Honda hatte in den letzten Jahren ein gewaltiges Problem: das liebe Image. In den späten 80ern und frühen 90ern waren die Japaner unter den Großserienherstellern die sportliche Marke schlechthin: In der Formel 1 fuhr Ayrton Senna im McLaren Honda zu drei Weltmeistertiteln, und auf der Straße faszinierten CRX, Prelude und NSX die Massen. Davon profitierte seinerzeit auch der Civic, denn ab 1987 lehnte er sich designtechnisch an den CRX an. Heute hat Honda den Großteil seines Flairs eingebüßt. Während die Civic der 80er noch als Chefdynamiker unter den Japanern galten, war die siebte Auflage Anfang des neuen Jahrtausends an Beliebigkeit kaum zu übertreffen. Konservativ gestaltet und hoch aufbauend – so war man das vom Civic nicht gewohnt. Nachdem die nächste Generation schnell den Ruf eines Raumschiffs weghatte, möchte man bei Honda mit dem neuen Modell alte Werte neu beleben. Und auf diesem Weg sind WTCC-Engagement und Formel 1-Comeback nur einzelne Etappen.

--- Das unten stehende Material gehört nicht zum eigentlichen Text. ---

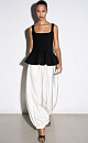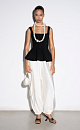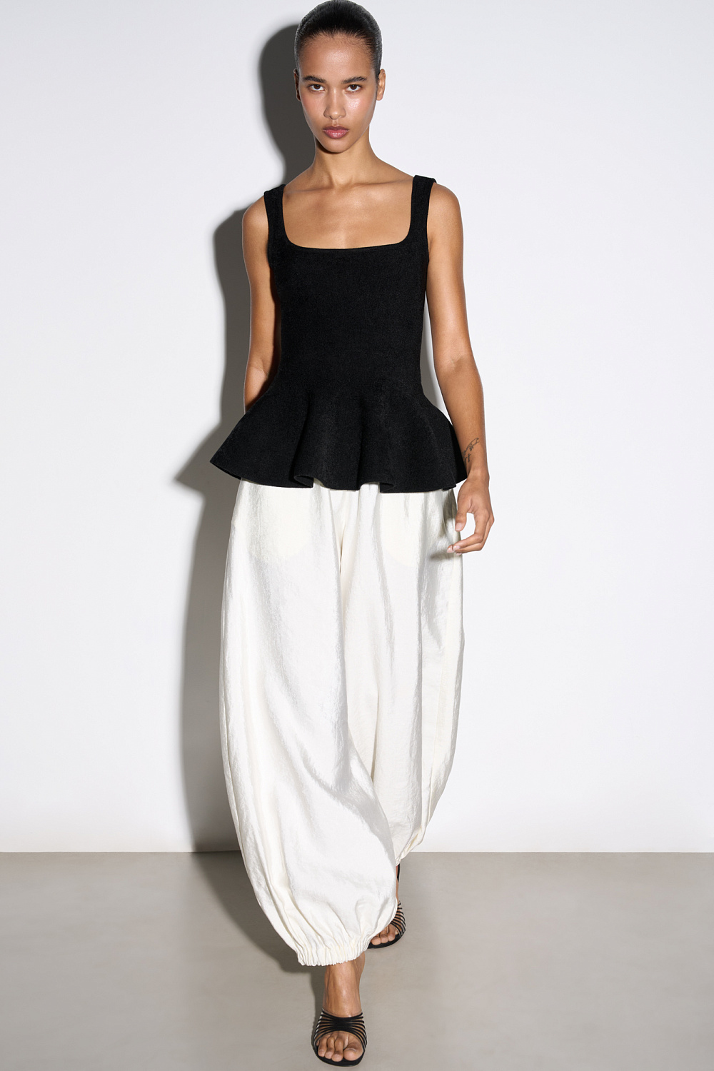 Knitted corset made of thick viscose. Model with wide straps and peplum. Zip fastening at the back. The product is unlined.
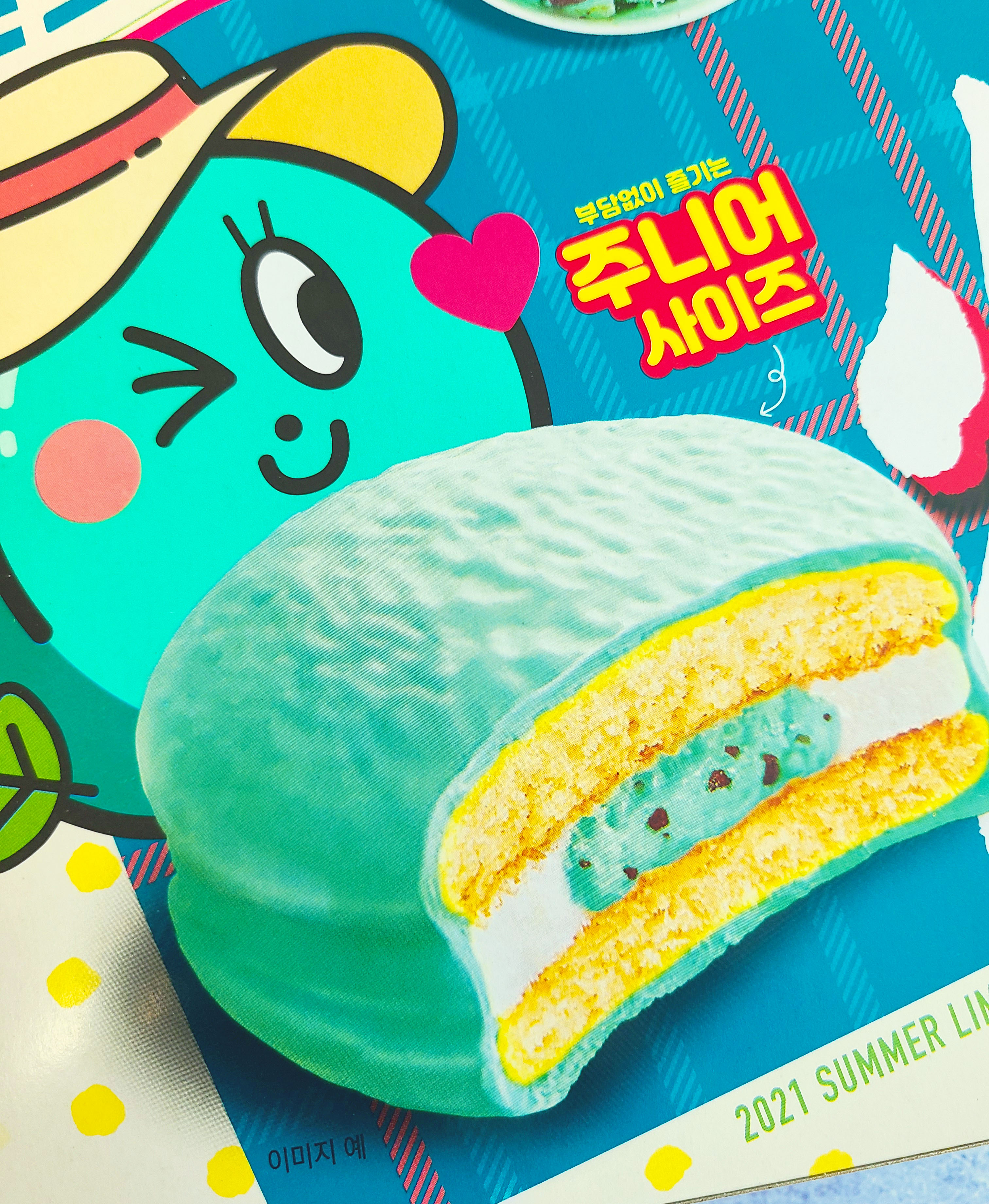 겉은 민트초코로 코팅되어 있고 안에는 마시멜로우와 민트크림이 들어있습니다.
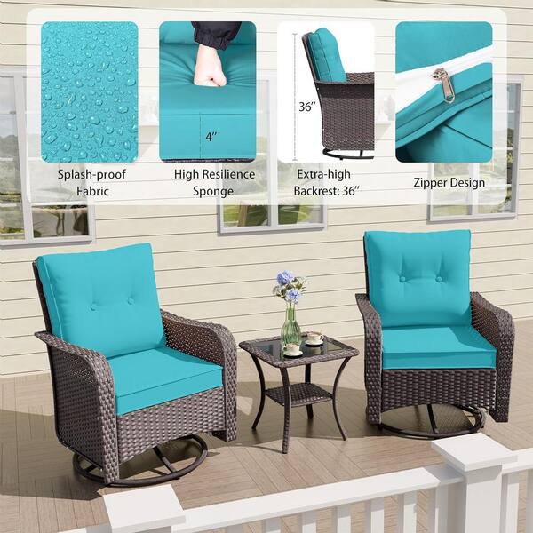 11-Piece Wicker Patio Conversation Set with Fire Pit Table, Glass Coffee Table, Swivel Rocking Chairs and Cushion Blue
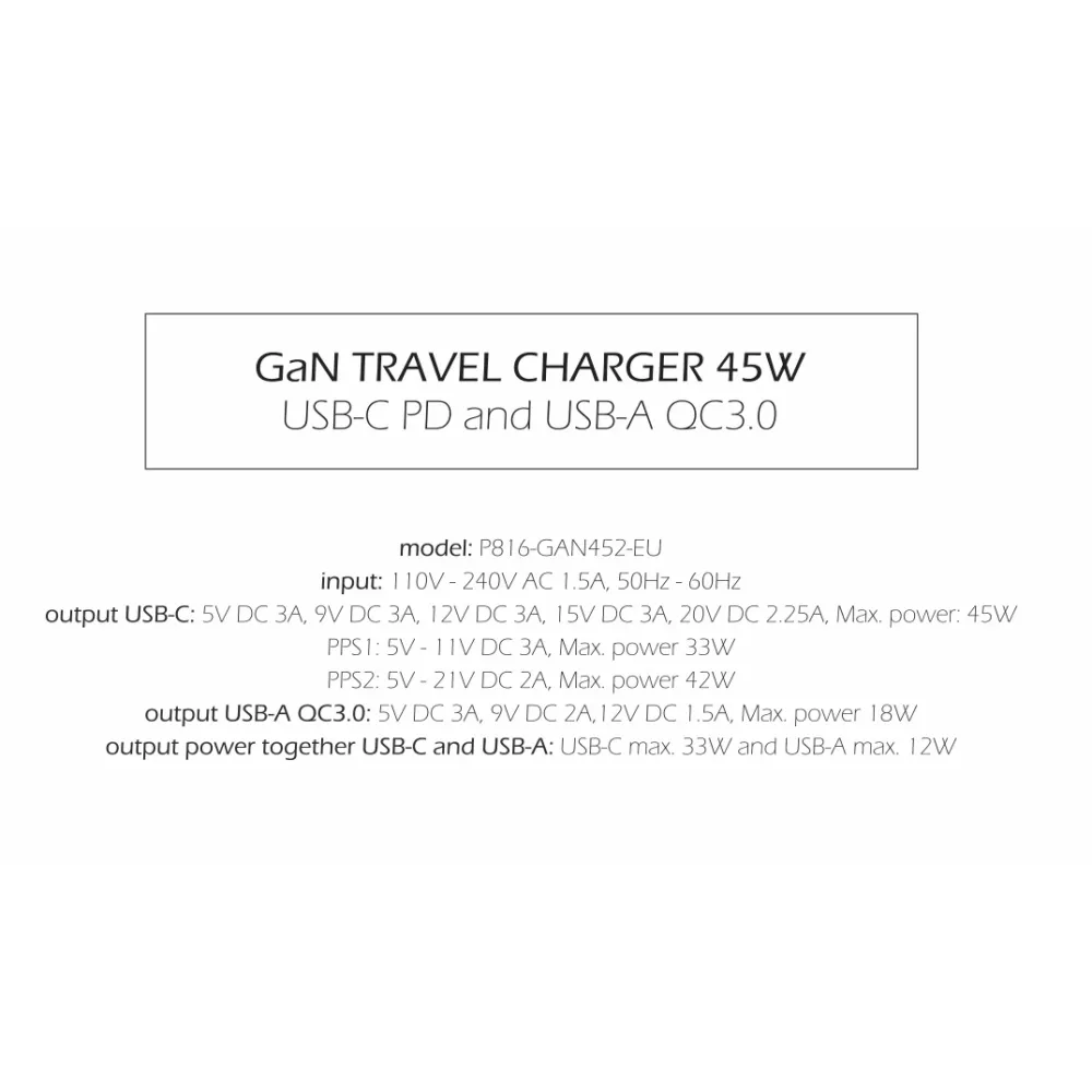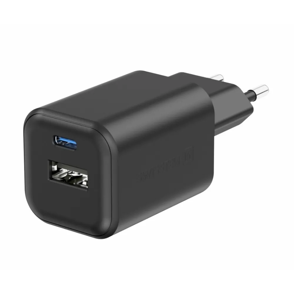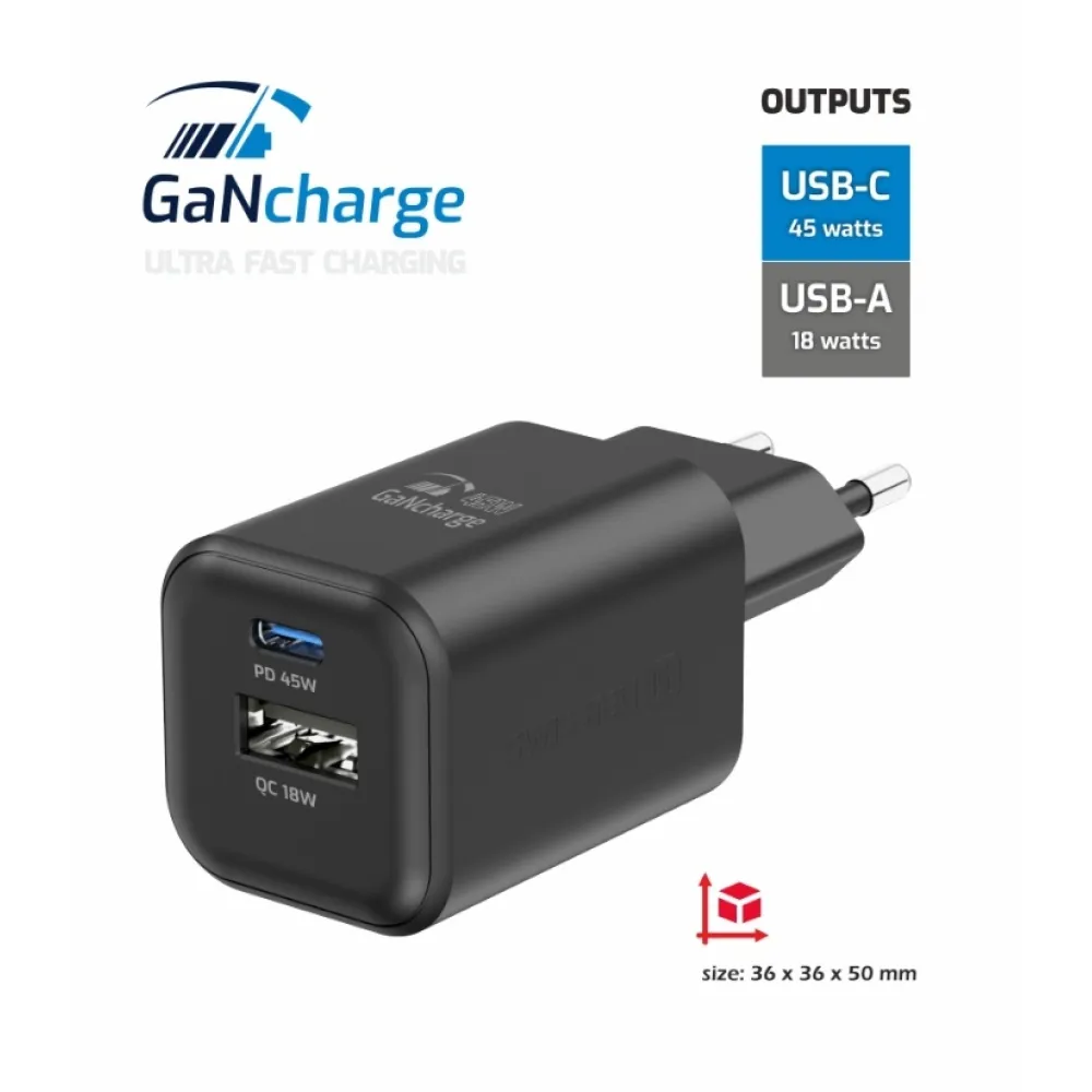 Töltő Swissten GaN 1x USB-C 45W PD + 1x USB-A 18W QC - fekete

Mit dem Tourer-Design beweisen die Japaner Mut

Video: Honda Civic Tourer

Das kann der neue Civic-Kombi

Das große Umdenken findet in der gesamten Modellpalette statt: 2015 kommt der sehnlichst erwartete Nachfolger des NSX, und mit dem neuen Civic Tourer hat Honda ab sofort den wohl am mutigsten gezeichneten Kombi der gesamten Klasse im Angebot. Zum Marktstart des Letztgenannten Anfang Februar 2014 gönnen die Japaner auch dem Fünftürer ein sanftes Facelift, wobei man im Innenraum – verglichen mit dem 2013er Modelljahr – auf den ersten Blick wenig verändert hat. Von den Luftaustrittsdüsen bis hin zu den Cupholdern schmeicheln nun silberfarbene Einfassungen dem Auge, die Bedienelemente des Multifunktionslenkrads sind in Klavierlackblenden eingebettet, und das ab Sport serienmäßige Lederlenkrad zieren weiß abgesetzte Nähte. Ebenfalls neu: Ein Prallkissen für das rechte Fahrerknie an der Innenseite der Mittelkonsole, wobei gerade bei groß gewachsenen Fahrern eher das linke Pendant Gefahr läuft, sich blaue Flecken einzuhandeln. In schnellen Wechselkurven kommt es gern zu unangenehmen Kollisionen zwischen Knie und linker Seitenverkleidung, die gerade in diesem Bereich ungünstigerweise recht kantig ausgeformt ist.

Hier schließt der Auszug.